Is there any progress on this ticket?

[bcoca]

@dbevacqua can you confirm that PR above fixes your issue?

[mrstanwell]

@bcoca I wish I could, but I haven't been able to reproduce it under controlled conditions (the playbook is run by my CI/CD system). I'll go weeks without seeing it. I've run the playbook in a loop for hours without being able to trigger it. I have multiple playbooks, but only the one that starts with a gather facts hangs. The hang occurs almost immediately after the gather facts task, regardless of what other tasks come next. I've tried rearranging tasks, and always see the hang at the same spot regardless of task. It's hung on tasks being skipped. It's hung on an include. I'd like to get a stack trace of a hang in progress, but the CI system kills it after a timeout. I can't even leave it running with DEBUG logging on, because that would expose secrets in the CI log files.

I realize there's not much to go on here, which is why I haven't opened an issue.

[dbevacqua]

@bcoca inasmuch as it removes the line on which the hang was occurring then yes, it would probably fix the particular issue I reported, but I doubt it will fix all problems of this class. I'll give it a go but I personally wouldn't consider the issue fixed as a result of this change.

[bcoca]

In general we avoid mixing threads and forks, but yes, we are dependant that included libraries don't do such things either.

Aside from pwd I don't believe we have a remaining library that does this in core code. As for 3rd party plugins, we cannot really control or stop, just document and advise.

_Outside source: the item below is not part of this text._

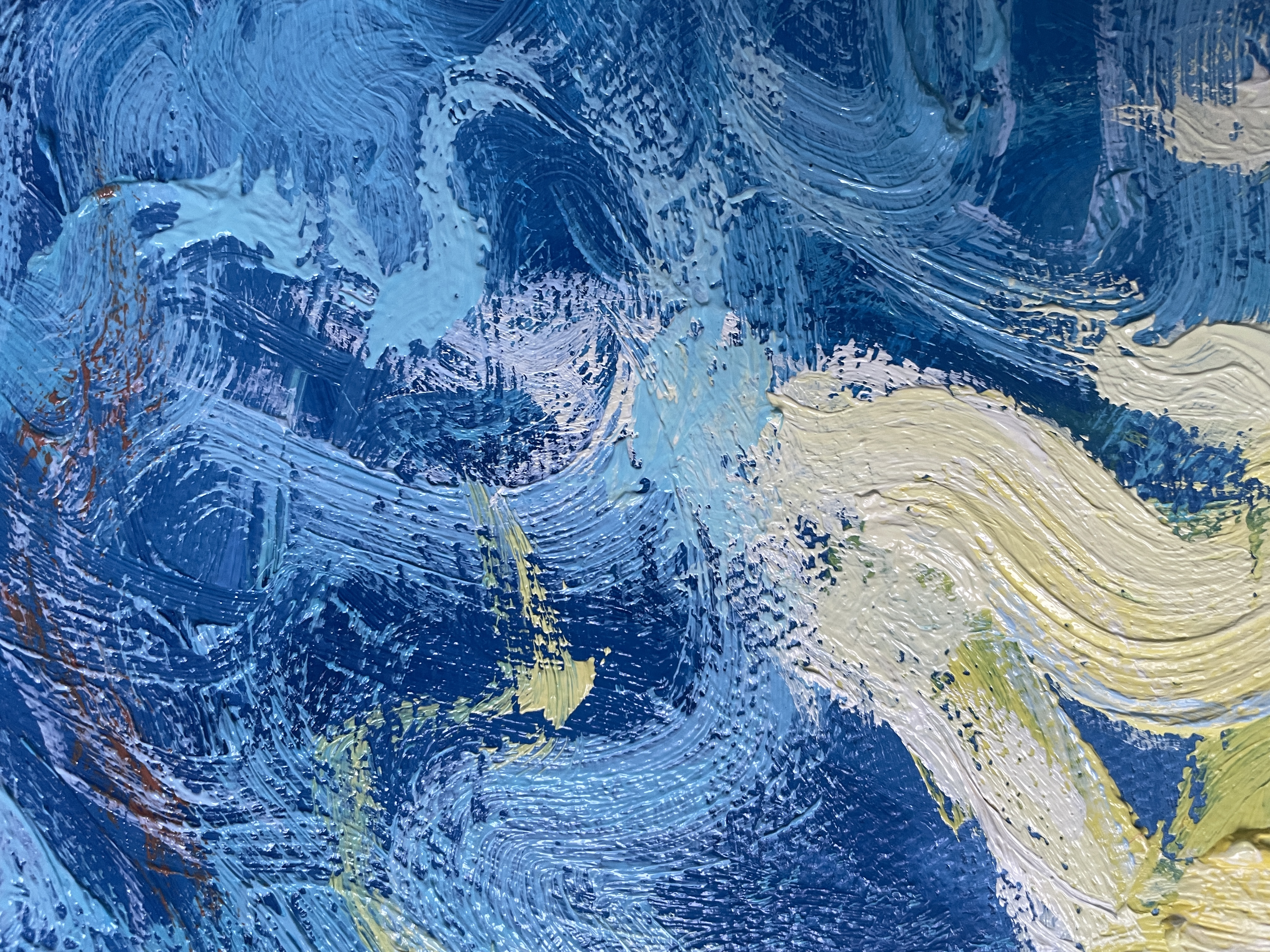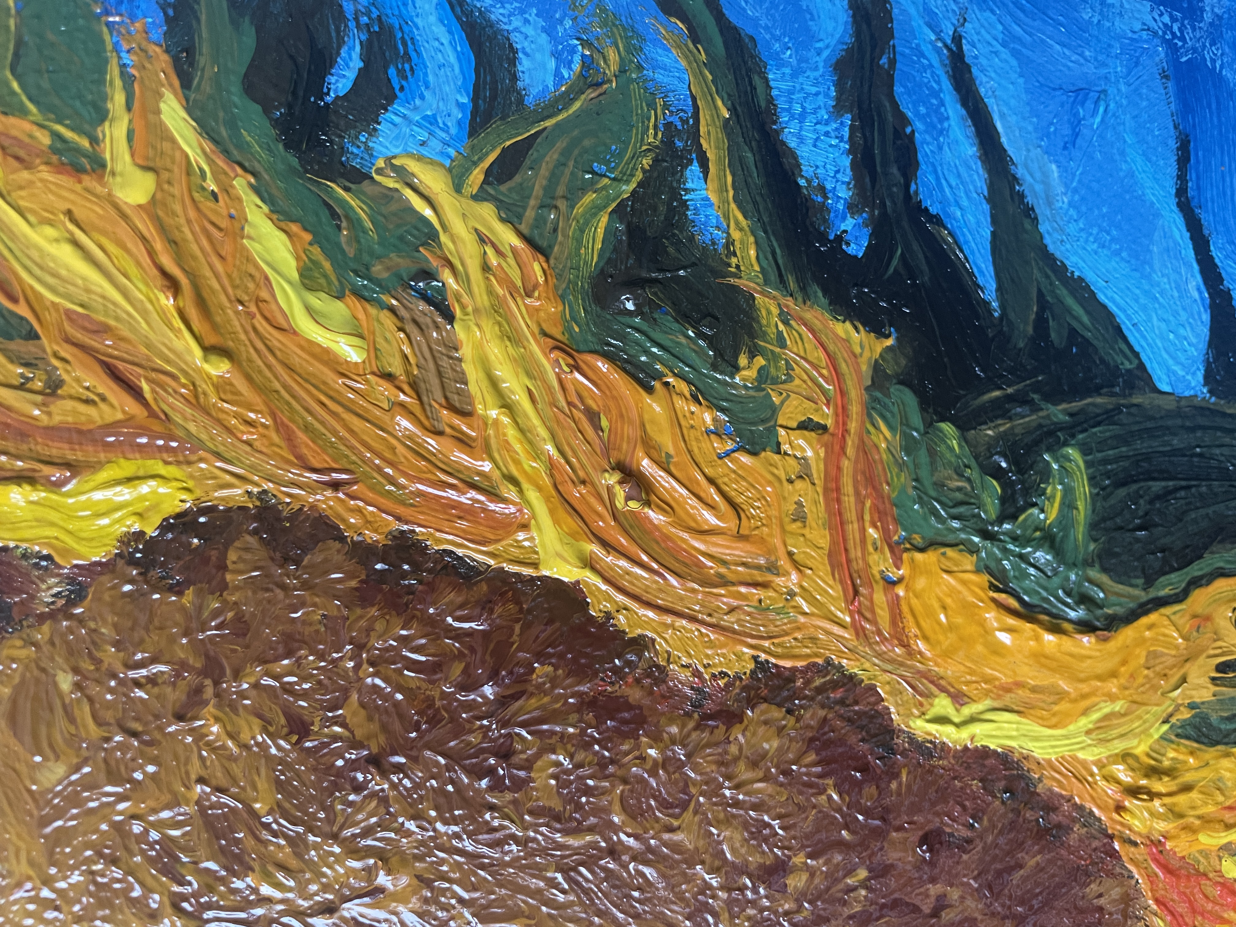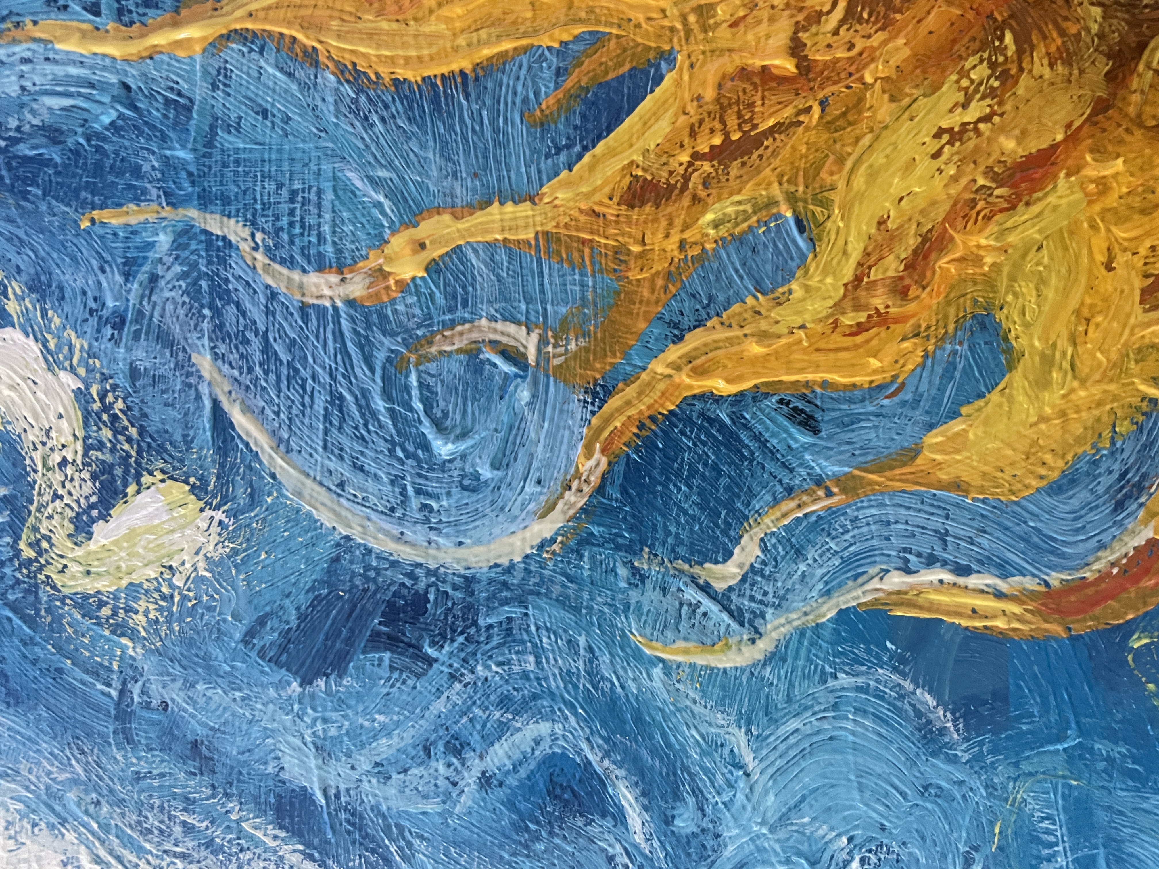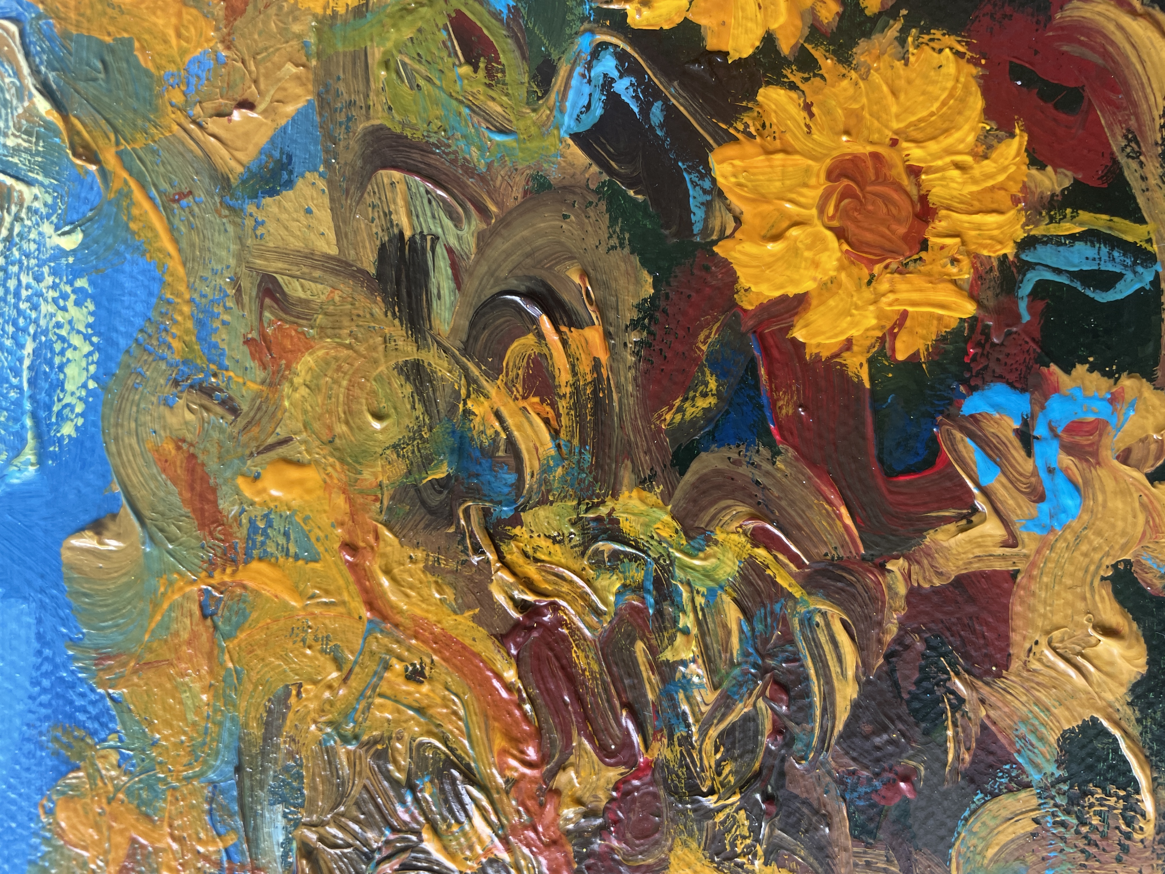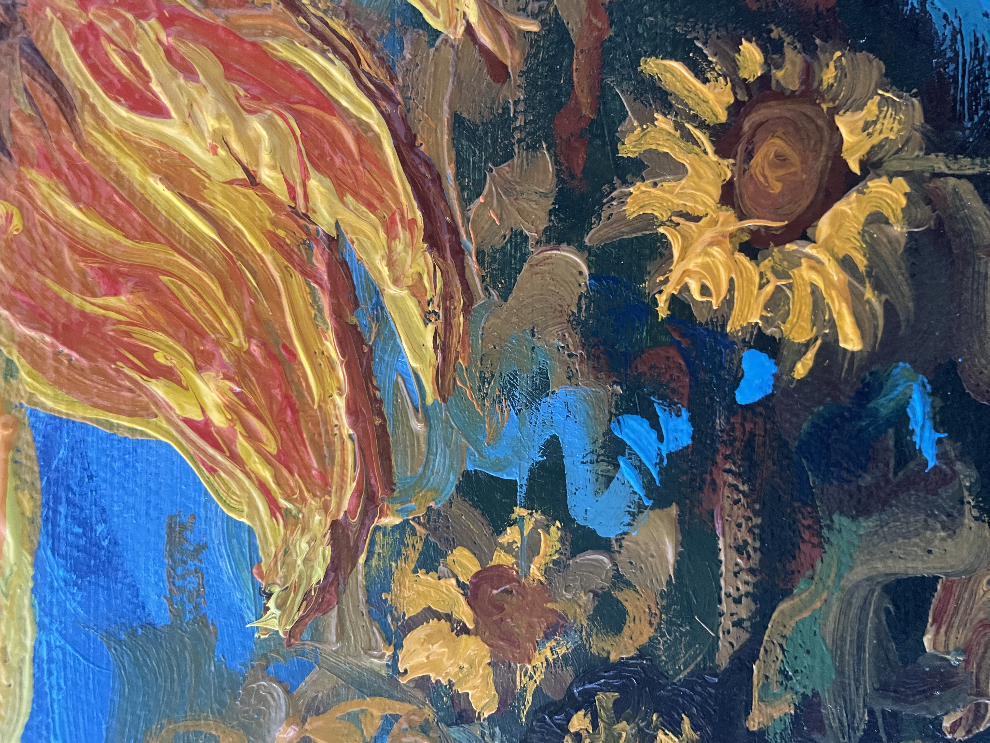 В данной работе сплошной день солнца - как одного небесного светила, так и целого поля подсолнухов. Они тянутся друг к другу и освещают собой всё вокруг. Вся атмосфера пребывает в непрерывном движении, будто дышит своей жизнью и позволила нам себя лицезреть.

I cannot think of a possible way to resolve this universally (aside from not forking nor threading at all .. which is not an option), just ensure that all code added adheres to the good behaviour. So I'm going to consider this specific issue resolved once I merge the PR.

[dbevacqua]

I believe using start method forkserver as I suggest above would resolve this universally, though would probably be a bit slower.

See the python docs

fork
The parent process uses os.fork() to fork the Python interpreter. The child process, when it begins, is effectively identical to the parent process. All resources of the parent are inherited by the child process. Note that safely forking a multithreaded process is problematic.

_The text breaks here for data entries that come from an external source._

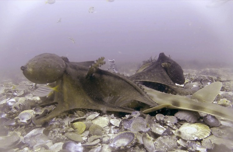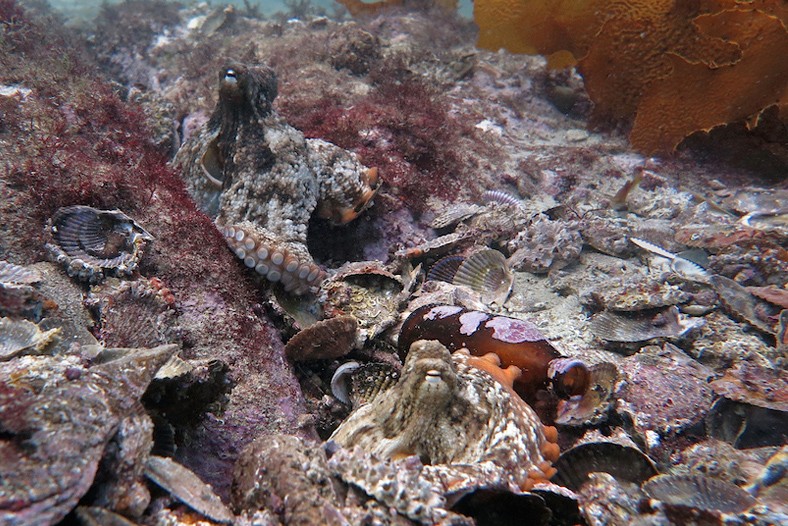 Это волшебное место построено из опустошенных раковин моллюсков и гребешков, коллекции рыболовных приманок и пивных бутылок. Именно здесь и обитают осьминоги. Хотелось бы написать «в мире и согласии», но на самом деле стычки между ними происходят периодически. Однако все равно они держатся вместе. Около 10-15 осьминогов сигнализируют друг другу об опасности, спариваются и защищают товарищей и территорию, деля один район.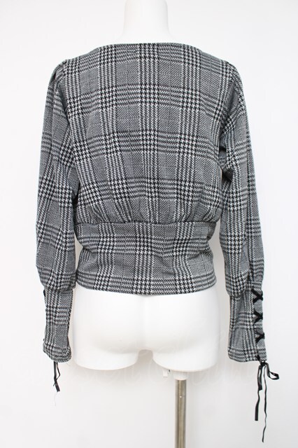 axes femme POETIQUE / レースアップカフストップス グレー Y-26-04-09-067-AX-TO-AS-ZY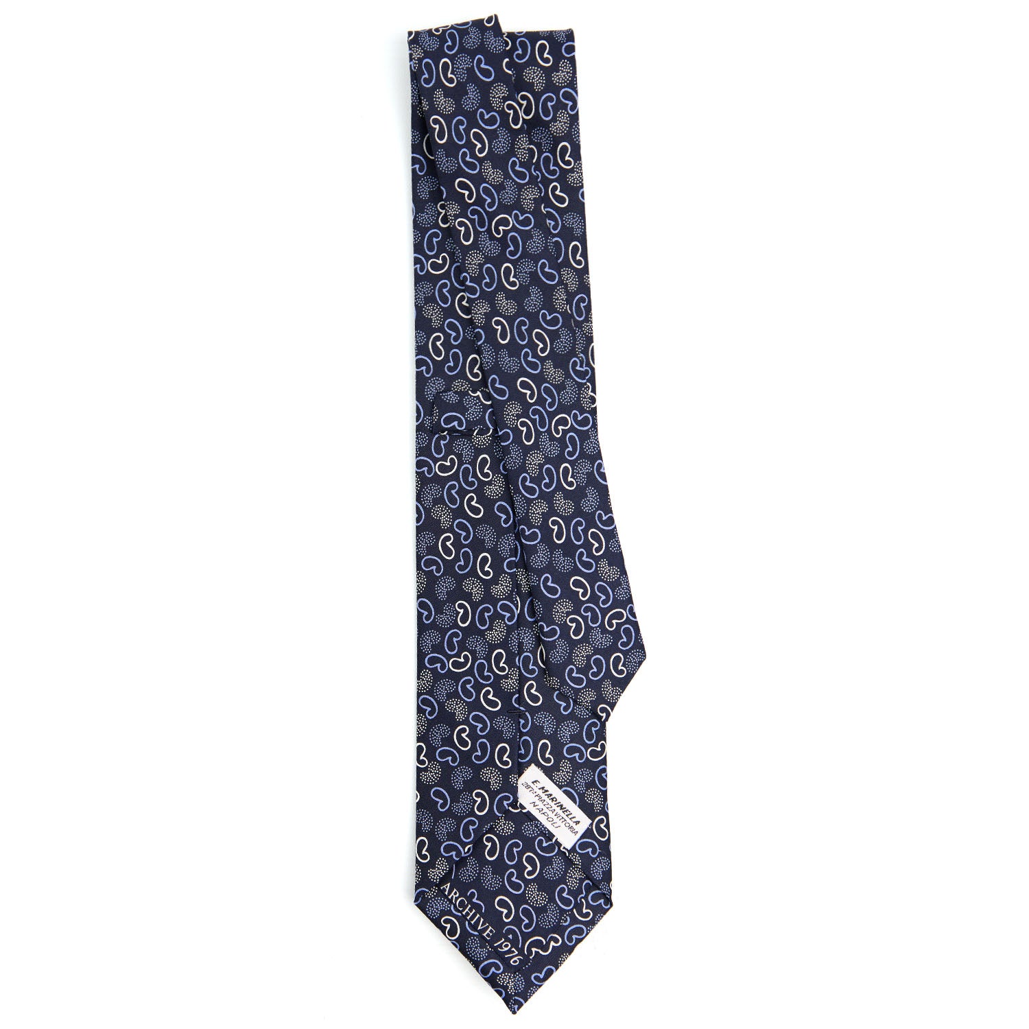 La cravatta fa parte della collezione Archivio, che propone in chiave moderna le stampe storiche dal 1930 al 1980. Gli anni '70 sono caratterizzati da motivi più vivaci e densi, a volte anche barocchi. I colori sono chiari con sprazzi di arancio, rosso brillante e bianco. Una cravatta dal carattere prepotente.

Available on Unix only. The default on Unix.

forkserver
When the program starts and selects the forkserver start method, a server process is started. From then on, whenever a new process is needed, the parent process connects to the server and requests that it fork a new process. The fork server process is single threaded so it is safe for it to use os.fork(). No unnecessary resources are inherited.

[bcoca]

we've tried using forkserver but it won't work in many contexts since most of the code is not compatible with things like spawn as we rely on fork inheritance.

[pbrezina]

As mentioned in #61701 this makes Ansible very unreliable when used under terminal multiplexors. In my case if it hangs it always hangs at this point:

- name: Remove hostname from /etc/hosts
  become: True
  lineinfile:
    path: /etc/hosts
    regexp: '^(127\.0\.0\.1|::1)[ \t]+{{ ipa.hostname }}.*$'
    state: absent

It would be good to see this issue prioritized.